*Exercise brief:* Nothing in the copy should be a picture; everything else in the listing is to be restated exactly.

====

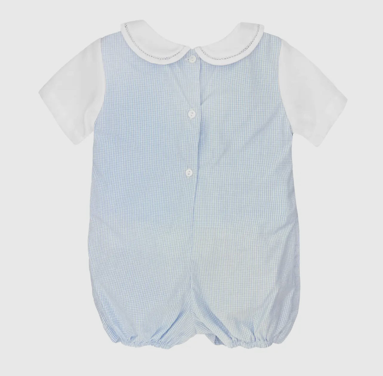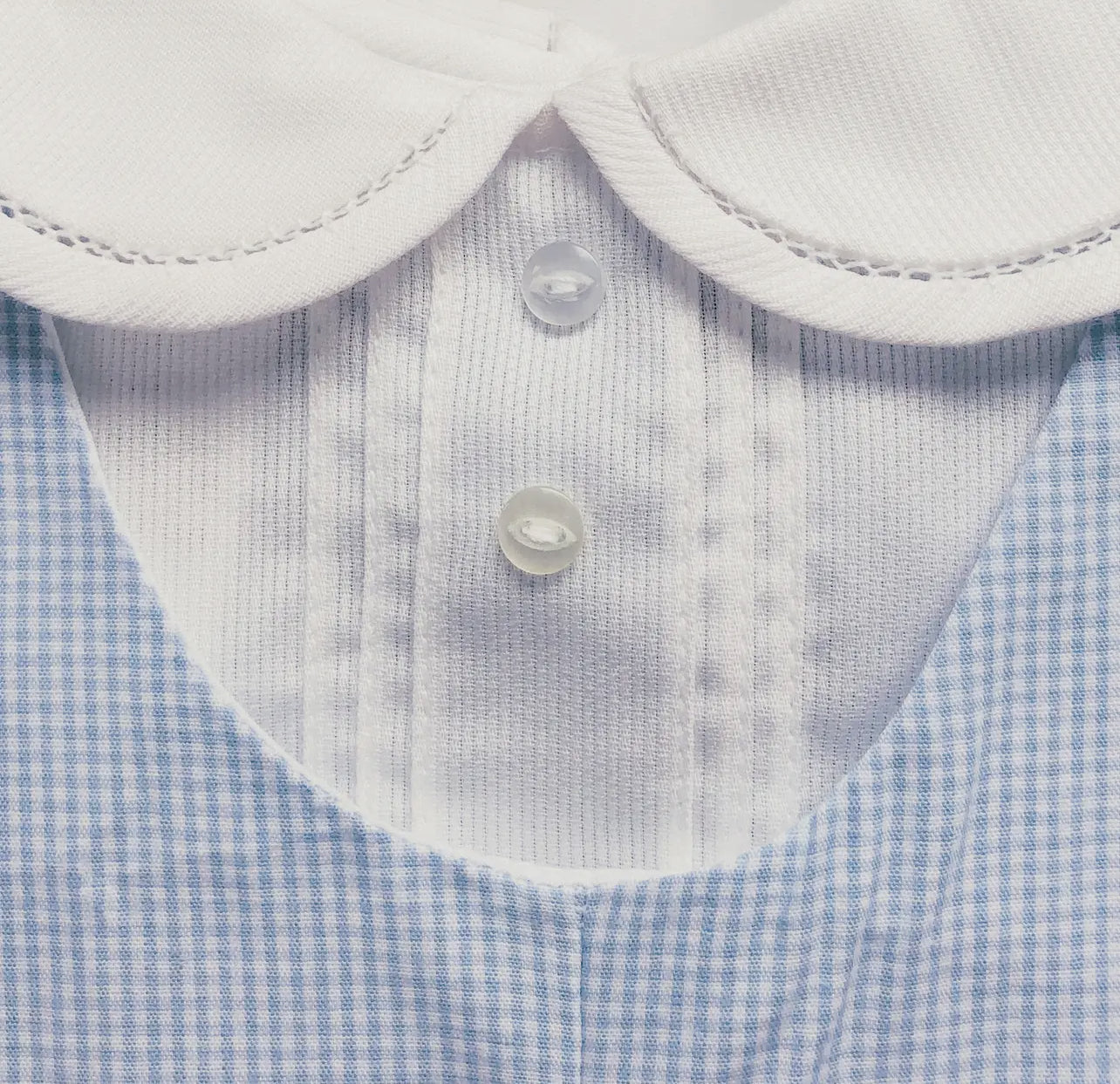 An heirloom quality French sewn romper with hand embroidery and delicate hand bridging stitch, this outfit is sure to become a treasured keepsake.
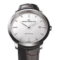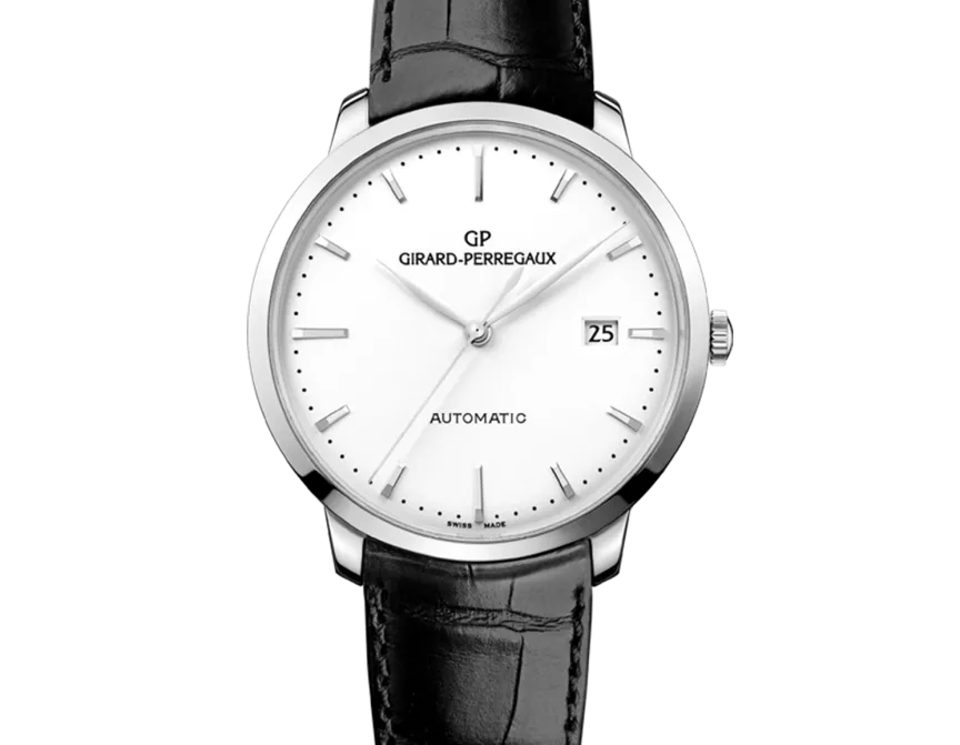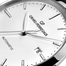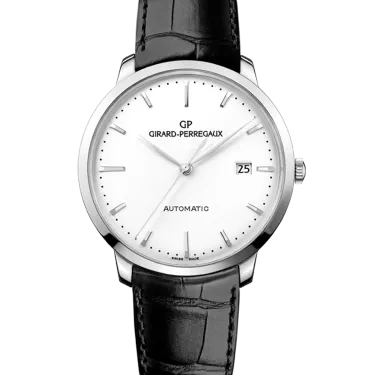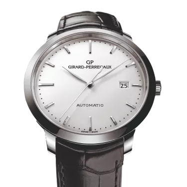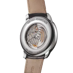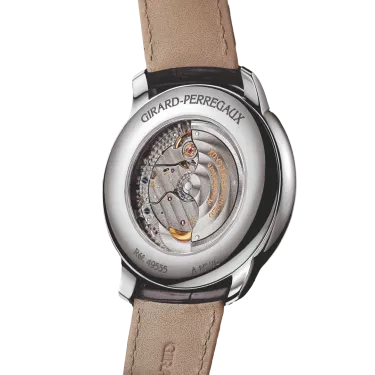 Ein Modell, das dem Designgeist der Uhren der 1960er Jahre folgt und eine Hommage an die technischen Fortschritte von Girard-Perregaux auf dem Gebiet der Zeitmessung darstellt, gekrönt durch den Preis zum hundertjährigen Bestehen des Neuenburger Observatoriums. Ein klassischer Zeitmesser in Bezug auf Funktionen und Linienführung: sehr dünnes rundes Gehäuse, vollständig poliert, sanft gewölbt mit geschwungenen Linien (Bandanstösse, Lünette, Saphirglas und Gehäuseboden). Das Armband ist für maximalen Tragekomfort perfekt in das Gehäuse integriert. Das Uhrwerk ist zuverlässig und wird im eigenen Haus gefertigt und besteht aus 218 Komponenten. Der durchsichtige Gehäuseboden gibt den Blick auf die mit Genfer Streifen dekorierte Schwungmasse frei.
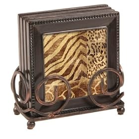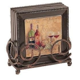 Set/4 Napkin Holder Coasters w/Holder: Kitchen & Dining
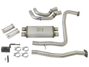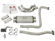 aFe Power introduces an all new Rebel Series dual middle-side exit exhaust system for the 2016-2017 Nissan Titan with V8-5.6L engine. This Rebel Series cat-back is designed with dual black exhaust tips that exit in front of the rear passenger tire for a unique, aggressive look. The tips come with unique laser-etched aFe Power logos on the side and are constructed from stainless steel for durability. The exhaust system is constructed from 2-1/2" MIG-welded, mandrel bent stainless steel tubing for maximum flow, increased horsepower and torque. This kit uses a free-flowing muffler to absorb high pitch tones producing a powerful sound. The performance cat-back exhaust system includes necessary hardware and clamps for a has sle-free install, with no cutting required making it a true bolt on system.
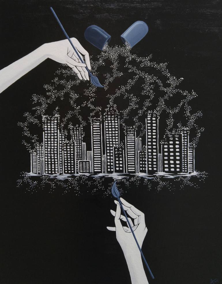 TITLE: Nightcap SIZE: 22″ x 28″ x 0.75" (56cm x 71cm x 2cm) MEDIUM: Acrylic on canvas CANVAS: Stretched, Canvas sides are painted black SIGNATURE: Initialed on the Front, Signed, dated, and titled on the back VARNISH : Gloss Finish
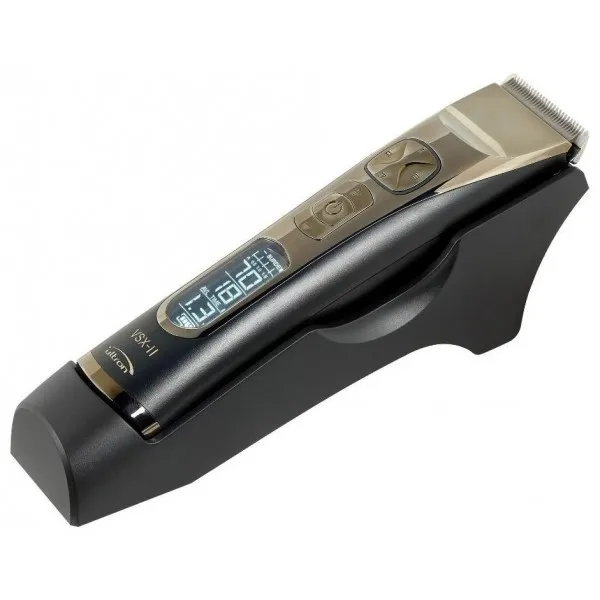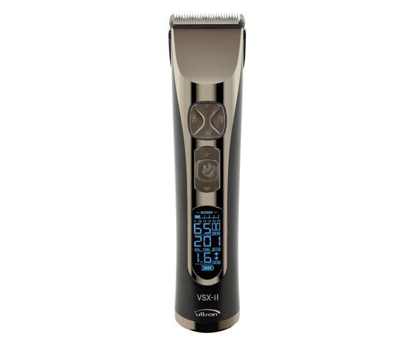 Profesionalni strižnik Ultron VSX-II ima motor z močjo 5000-7000 obratov na minuto, zaradi česar je primeren za striženje las in brade. Hitrost gibanja lahko priročno nastavite z gumboma + in – na ohišju gibanja. Titan-keramična glava stroja s širino 43 mm ima nastavljivo višino reza od 1 mm, 1,3 mm, 1,6 mm in 1,9 mm. Višino reza lahko ponovno nastavite z gumbi I-IV na ohišju stroja. Višino reza lahko spreminjate tudi s pomočjo plastičnih podaljškov, v paketu so podaljški velikosti 3 mm, 6 mm, 9 mm, 12 mm, 15 mm, 18 mm, 21 mm in 25 mm. Na ohišju stroja je pregleden LED zaslon, na katerem najdemo podatke o izbrani hitrosti ali višini striženja, preostalem času do izpraznjene baterije, podatke o obremenitvi stroja, potrebi po naoljenju glave in potrebo po polnjenju stroja. Čas delovanja mehanizma je 235 minut, čas polnjenja pa 180 minut. Paket vsebuje stojalo za polnjenje, ščetko za čiščenje, olje in adapter za polnjenje.
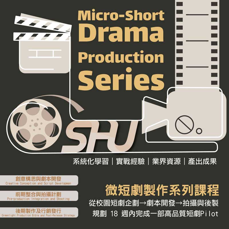 系列課程由專業影視製作團隊與高流量網路短劇團隊合作打造,涵蓋創意構思、劇本開發、拍攝計劃到後期製作與行銷發行的完整流程,以實作為核心,幫助學生掌握影視製作的關鍵技能。其中的「創意與劇本開發」課程,學生將學習運用AI工具輔助故事開發,並以三幕式敘事結構串聯50集、每集3分鐘的微短劇企劃。課程還引入好萊塢業界案例,包括「綠燈委員會(Greenlight)」評審機制的長片劇本、拍攝計畫書(Greenlight book)與製作寶典(Production Bible),幫助學生提升劇本完整性與吸引力,並完成試播集(Pilot)劇本與專業投資簡報(Pitch Deck)。
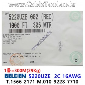 벨덴케이블 BELDEN 5220UZE, 300m, 002(Red) BELDEN, 300m, 2C 16AWG, FPLR-CI, 300 V RMS(UL)

====

*Finished exercise:*
 An heirloom quality French sewn romper with hand embroidery and delicate hand bridging stitch, this outfit is sure to become a treasured keepsake.
 Ein Modell, das dem Designgeist der Uhren der 1960er Jahre folgt und eine Hommage an die technischen Fortschritte von Girard-Perregaux auf dem Gebiet der Zeitmessung darstellt, gekrönt durch den Preis zum hundertjährigen Bestehen des Neuenburger Observatoriums. Ein klassischer Zeitmesser in Bezug auf Funktionen und Linienführung: sehr dünnes rundes Gehäuse, vollständig poliert, sanft gewölbt mit geschwungenen Linien (Bandanstösse, Lünette, Saphirglas und Gehäuseboden). Das Armband ist für maximalen Tragekomfort perfekt in das Gehäuse integriert. Das Uhrwerk ist zuverlässig und wird im eigenen Haus gefertigt und besteht aus 218 Komponenten. Der durchsichtige Gehäuseboden gibt den Blick auf die mit Genfer Streifen dekorierte Schwungmasse frei.
 Set/4 Napkin Holder Coasters w/Holder: Kitchen & Dining
 aFe Power introduces an all new Rebel Series dual middle-side exit exhaust system for the 2016-2017 Nissan Titan with V8-5.6L engine. This Rebel Series cat-back is designed with dual black exhaust tips that exit in front of the rear passenger tire for a unique, aggressive look. The tips come with unique laser-etched aFe Power logos on the side and are constructed from stainless steel for durability. The exhaust system is constructed from 2-1/2" MIG-welded, mandrel bent stainless steel tubing for maximum flow, increased horsepower and torque. This kit uses a free-flowing muffler to absorb high pitch tones producing a powerful sound. The performance cat-back exhaust system includes necessary hardware and clamps for a has sle-free install, with no cutting required making it a true bolt on system.
 TITLE: Nightcap SIZE: 22″ x 28″ x 0.75" (56cm x 71cm x 2cm) MEDIUM: Acrylic on canvas CANVAS: Stretched, Canvas sides are painted black SIGNATURE: Initialed on the Front, Signed, dated, and titled on the back VARNISH : Gloss Finish
 Profesionalni strižnik Ultron VSX-II ima motor z močjo 5000-7000 obratov na minuto, zaradi česar je primeren za striženje las in brade. Hitrost gibanja lahko priročno nastavite z gumboma + in – na ohišju gibanja. Titan-keramična glava stroja s širino 43 mm ima nastavljivo višino reza od 1 mm, 1,3 mm, 1,6 mm in 1,9 mm. Višino reza lahko ponovno nastavite z gumbi I-IV na ohišju stroja. Višino reza lahko spreminjate tudi s pomočjo plastičnih podaljškov, v paketu so podaljški velikosti 3 mm, 6 mm, 9 mm, 12 mm, 15 mm, 18 mm, 21 mm in 25 mm. Na ohišju stroja je pregleden LED zaslon, na katerem najdemo podatke o izbrani hitrosti ali višini striženja, preostalem času do izpraznjene baterije, podatke o obremenitvi stroja, potrebi po naoljenju glave in potrebo po polnjenju stroja. Čas delovanja mehanizma je 235 minut, čas polnjenja pa 180 minut. Paket vsebuje stojalo za polnjenje, ščetko za čiščenje, olje in adapter za polnjenje.
 系列課程由專業影視製作團隊與高流量網路短劇團隊合作打造,涵蓋創意構思、劇本開發、拍攝計劃到後期製作與行銷發行的完整流程,以實作為核心,幫助學生掌握影視製作的關鍵技能。其中的「創意與劇本開發」課程,學生將學習運用AI工具輔助故事開發,並以三幕式敘事結構串聯50集、每集3分鐘的微短劇企劃。課程還引入好萊塢業界案例,包括「綠燈委員會(Greenlight)」評審機制的長片劇本、拍攝計畫書(Greenlight book)與製作寶典(Production Bible),幫助學生提升劇本完整性與吸引力,並完成試播集(Pilot)劇本與專業投資簡報(Pitch Deck)。
 벨덴케이블 BELDEN 5220UZE, 300m, 002(Red) BELDEN, 300m, 2C 16AWG, FPLR-CI, 300 V RMS(UL)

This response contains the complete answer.